As Patch previously reported, TCSS has said its goal through the proposed tax increase was to add roughly 20 more school resource officers, which would present a recurring cost to the school system. Never mind Gov. Kay Ivey is mulling how to parcel out the state's financial surplus, but seems more focused on building new prisons than boosting funding for schools that need it.

At present, there are 11 school resource officers working in the different Tuscaloosa County school zones, with six fully funded by the Tuscaloosa County Commission, while TCSS funds one.

The salary and benefits cost for the other four officers are split between the commission and the school system. Costing anywhere between $90,000 to $100,000 a year for each school resource officer's salary and benefits, there is no state line item to help the school system fund additional SROs on campus, thus, any funding must come from local sources.

I write all this to say that I'm tired of the grandstanding from both sides who are more willing to enlist in the culture wars than they are to support common sense measures to protect our children. I'm tired of being yelled at in all-caps on social media about how guns aren't the problem, all while our state is admittedly more interested in incarcerating people than addressing its mental health issues and flimsy gun laws.

The state isn't going to fix this problem for us, neither are the feds. It has to start at the local level before it's too late.

So, look into your heart and ask yourself how much such peace of mind is really worth?

If we haven't done enough or invested enough as a community and death comes calling, by that point it will be too late.

And then what? What will you do? How will you react?

Will you kick the idealogical can?

Will you praise the police for doing all they could?

Will you start to homeschool your child?

Will you donate to a congressman parroting your viewpoint?

Will you shove you head in the sand and ignore it?

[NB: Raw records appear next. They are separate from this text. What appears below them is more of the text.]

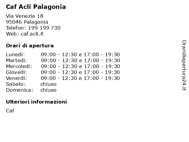 | Lunedi | 09:00-12:30 e 17:00-19:30 |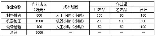 2019年8月,甲、乙兩種產(chǎn)品的產(chǎn)量分別為1000臺和2000臺,單位直接成本分別為1萬元和0.6萬元。此外,甲、乙兩種產(chǎn)品制造費用的作業(yè)成本資料如下表所示: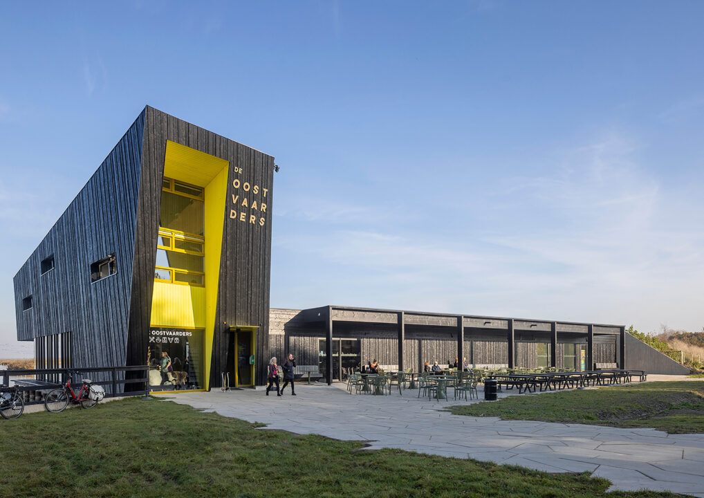 The Nature Experience Center stands at the edge of the Oostvaardersplassen in Almere, one of Europe’s most unique and internationally renowned nature reserves. Positioned where four distinct landscapes converge—water, forest, reed beds, and polder land—the building is a physical landmark and a vital link between the city and its surrounding nature. Since its completion in 2008, the original building serves as a hub for nature education and observation. With the designation of the Oostvaardersplassen as part of Nieuw Land National Park, interest in the site grew rapidly, attracting a diverse range of visitors: nature enthusiasts, hikers, cyclists, school groups, and international tourists alike. To accommodate the growing number of visitors, it has been decided to expand, renovate and redesign the center. The original building was conceived as a beacon: a compact vertical volume highlighted by bright yellow accents, underlining its role as a gateway to the Oostvaardersplassen. The expansion respectfully continuing the same architectural language and material palette—black-stained timber façades with vertical detailing—while introducing a strong horizontal gesture.

Will you go to the store and buy another gun?

Will you protest in front of an empty administrative office?

Will you blame people in your own community instead of wondering what proactive measures could have been in place?

Or will you demand reasonable action today in your community? Action that produces results you can see and put your trust in.

Proactive measures are not a panacea, but certainly provide a more suitable option to this parent than giving guns to exhausted and underpaid teachers or abolishing public education because it's too "woke."

Safety for our children shouldn't be politicized. It should be a basic expectation if we really are supposed to be the exceptional nation that we pretend to be.


Ryan Phillips is an award-winning journalist, editor and opinion columnist. He is also the founder and field editor of Tuscaloosa Patch. The views expressed in this column are his own and in no way reflective of any views held by our parent company or sponsors.